Да, книжная культура оказалась в России советского времени неожиданно способной воскресать. Разумеется, книги уничтожались в грандиозных масштабах. Недаром мотив сожжения книг из антиутопической фантазии американского писателя Рэя Брэдбери «451 градус по Фаренгейту» оказывается в центре раннего стихотворения русской поэтессы и диссидентки, моей ровесницы и однокурсницы Натальи Горбаневской:

"...Теперь допускают к пеплу: - Ройтесь в добре и зле! Теперь допускают к пеплу: - Ищите счастье в золе!"

Однако реальность была сложнее, чем тоталитарный проект, на осуществление привычных деталей которого понадобилось много времени. Как известно, тираж первого издания книжки Михаила Булгакова «Дьяволиада» (1925) был почти полностью уничтожен; но здесь важно наречие «почти» — счастливый случай привел один из немногих припрятанных экземпляров в библиотеку моих родителей, где я читал и перечитывал ее школьником, запомнив чуть ли не наизусть. В пору моего отрочества, т. е. в позднесталинские и раннехрущевские времена, самиздата еще не существовало, но старые книги были - по крайней мере, для столичных жителей, москвичей и ленинградцев, - в определенных отношениях доступнее, чем позднее. Прежде всего, дореволюционных изданий еще было, несмотря на все истребления, чисто количественно очень много, пространство было густо ими насыщено. Приходя в гости к одному знакомому юноше немного старше меня, я видел у его матери едва умещавшиеся в стенах тесной комнаты подборки символистских журналов, которые она некоторое время давала мне читать, пока ее страх перед ГПУ - прежнее название КГБ — не побудил ее прекратить это; для эпохи очень характерна и возможность, и ее границы. Магазины старой книги и в то время не покупали и не продавали ни Библий, ни молитвенников, но запрет на религиозно-философскую литературу, на рубеже хрущевского и брежневского периодов вступивший в полную силу, еще не соблюдался; я регулярно заходил по пути из школы домой в один такой магазин, где месяцами стояло собрание сочинений Владимира Соловьева, и, не имея денег, чтобы его купить, пользовался добрым расположением продавцов и листал его прямо в магазине; зато книжка Гершензона, посвященная интерпретации Ветхого Завета и озаглавленная «Ключ веры», стоила в другом московском магазине всего 50 копеек, так что на нее мне хватило карманных денег школьника. Это еще больше относилось к изданиям на иностранных языках. Хаотичность русской жизни не раз выступала как благая возможность обойти тоталитарные запреты. Моя немецкая знакомая с 60-х гг., руссистка и теолог, резюмировала свой опыт одной из первых поездок в Советский Союз в изумленной фразе: «У вас везде стена — но в стене всегда есть дыра!»

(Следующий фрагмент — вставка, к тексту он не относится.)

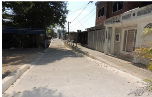
MANDARINOS, Calle 35B con carreras 43 al fondo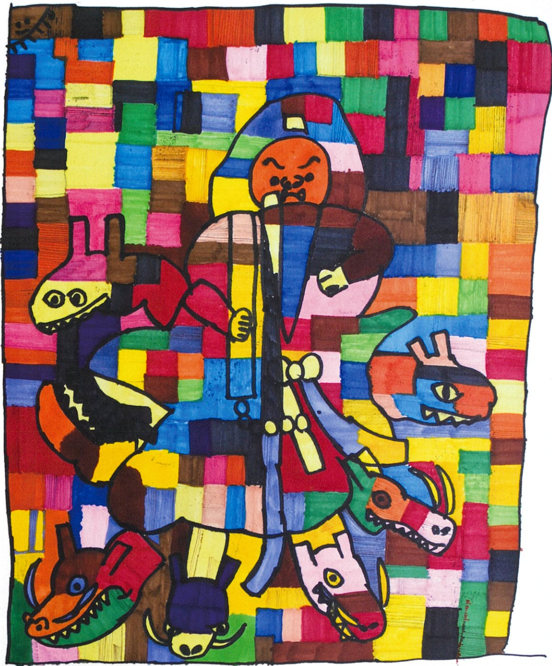
増澤晃《スサノオとヤマタノオロチ》

Очевидно, что с книгой связаны особые шансы, которых в России не было или почти не было для бытовой традиции. Всё, всё ушло без возврата - но какой-нибудь чудом уцелевший экземпляр почти сплошь уничтоженного издания, заброшенный на самую высокую полку, под самый потолок, и там позабытый, сохраняет в себе жизнь, как семечко в очень твердой кожуре. И если какой-нибудь чудак разыщет том и стряхнет с него пыль, книга окликнет его, заговорит с ним, позовёт его в своё собственное внутреннее пространство, - и всё может начаться для этого чудака снова. Не найдя достаточной укорененности в нарушенной жизненной связи поколений, не всосав веру «с молоком матери», читатель книг, переходящий от одной книги к другой и приведенный ими к святой Книге книг, может получить укоренение в небесах.

Недаром мои друзья и я сам склонны были видеть особенно убедительную для нас парадигму веры в фигуре замечательного проповедника - служащего в Лондоне митрополита Антония Блюма: как известно с его собственных слов, его обращение в четырнадцатилетнем возрасте, без всякого религиозного воспитания и на фоне катастрофической судьбы русского беженства, произошло как результат попытки прочесть Евангелие от Марка, предпринятой не только без всякой подготовки, но и с намерением раз и навсегда разделаться с религией, отделаться от нее. Он был наедине с Евангелием, он читал - и непосредственно убеждался в реальном присутствии Христа. Сколько юношей советской поры, уловленных в галилейские сети чтением книг, узнавали себя в этом рассказе! Я никоим образом не хотел бы, чтобы мои слова воспринимались как односторонне эйфорическая похвала феномену «книжного» обращения к вере. Во-первых, в большинстве известных мне и притом — со всеми оговорками о нашей неспособности судить о тайнах души - полноценных и убедительных случаев обращения книжные истоки не были единственными, они возмещали недостачу, болезненный дефицит, но никак не абсолютное отсутствие жизненных корней. Человек мог быть подготовлен к обращению атмосферой семьи, даже нецерковной, но сохранившей христианскую по своей сути нравственную традицию. Так было, разумеется, и в упомянутом случае юного Андрея Блюма (Андрей - его мирское имя); его отец, потомственный русский дипломат, по соображениям совести не пожелавший после революции пользоваться привилегиями своей образованности, являл собой тип суровой, аскетической, отдающей стоицизмом праведности. Так было, mutatis mutandis2, и в моем собственном случае: я вырос в интеллигентской среде, отошедшей от церковности, но весьма далекой от атеизма и решительно отторгавшей от себя атеизм советский, а главное, воспитывавшей во мне чувство принадлежности старой культурной и нравственной традиции в ее подлинном виде, непредставимом без религиозного измерения. Во-вторых, совершенно очевидно, что для душ менее огненных, чем Владыка Антоний, в меньшей, чем он, степени готовых всецело отдаться приоткрывшейся вере и принять связанные с ней опасности, «книжный» путь обращения был связан с определенными возможностями редукции веры до ценностей, de facto имманентных культуре.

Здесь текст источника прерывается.